Дорога Токайдо - Робсон Сен-Клер Лючия
Верхние половины открытых фасадов были занавешены короткими шторами: прохожим приходилось нагибаться, чтобы увидеть предлагаемый товар. Хозяева лавок справедливо полагали, что если за шторы проникнет хотя бы голова покупателя, то за ней последует и остальная часть его тела. А они твердо решили не позволить ни одному гостю Юкиё утаить от них даже самую мелкую монетку за отворотом широкого рукава.
От запахов супа с лапшой, жареных пельменей с рисом, политых сладким соевым соусом, и жареной рыбы у Кошечки закружилась голова. Последний раз она ела задолго до того, как ее гость проглотил поданное ему кушанье из рыбы фугу, и теперь от голода у нее начались рези в желудке.
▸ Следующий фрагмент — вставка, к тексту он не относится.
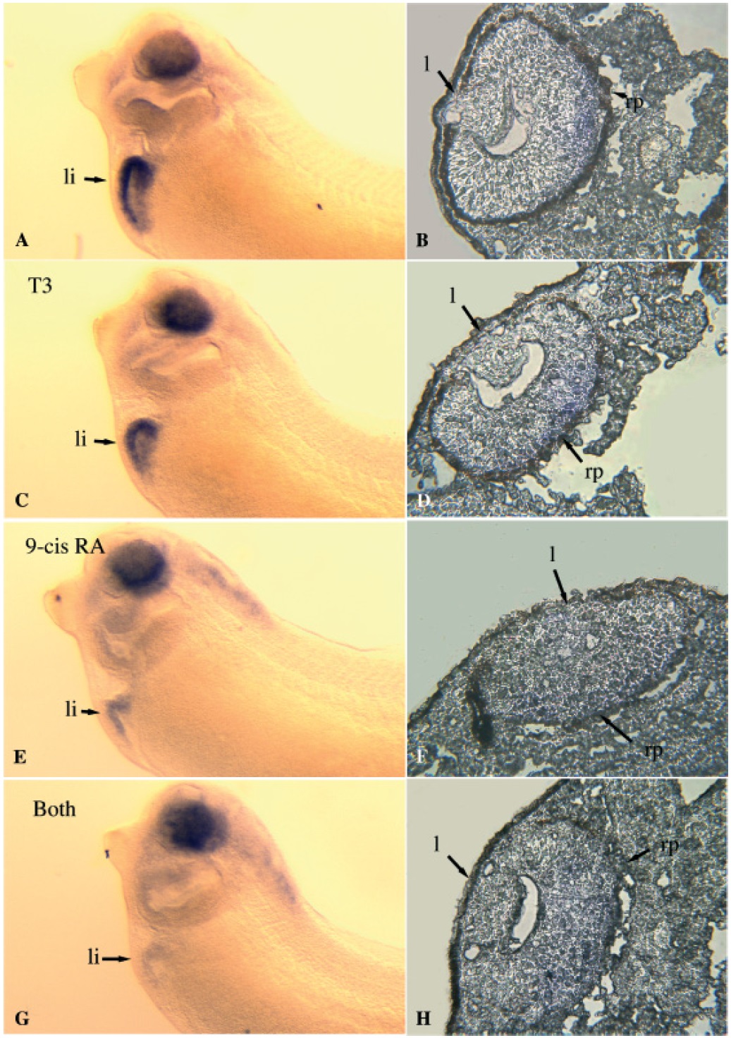 both T3 and 9-cis RA (G, H) were not

В Ёсиваре Кошечка частенько сиживала на балконе второго этажа гостиницы «Карп» и смотрела на Эдо. Издалека Восточная столица казалась сказочной страной, полной разноцветных огней. Ветер, перелетавший через черный ковер покрытого полусгнившей травой болота, доносил до нее музыку и смех.
Вблизи волшебный город оказался путаницей тесных переулков и грязных трущоб. Лачуги бедняков стояли здесь стена к стене и были такими узкими, что их называли «постелями для угрей». Многие дома отделялись от соседних высокими заборами, калитки в которых крепко запирались на ночь со времен давних голодных бунтов. За сто лет управления страной пять сёгунов из рода Токугава превратили рыбацкую деревушку среди болот в столицу, главный город страны, в котором проживало больше полумиллиона жителей. Бредя наугад по полутемным улицам, Кошечка обдумывала, как ей быть в этом огромном городе.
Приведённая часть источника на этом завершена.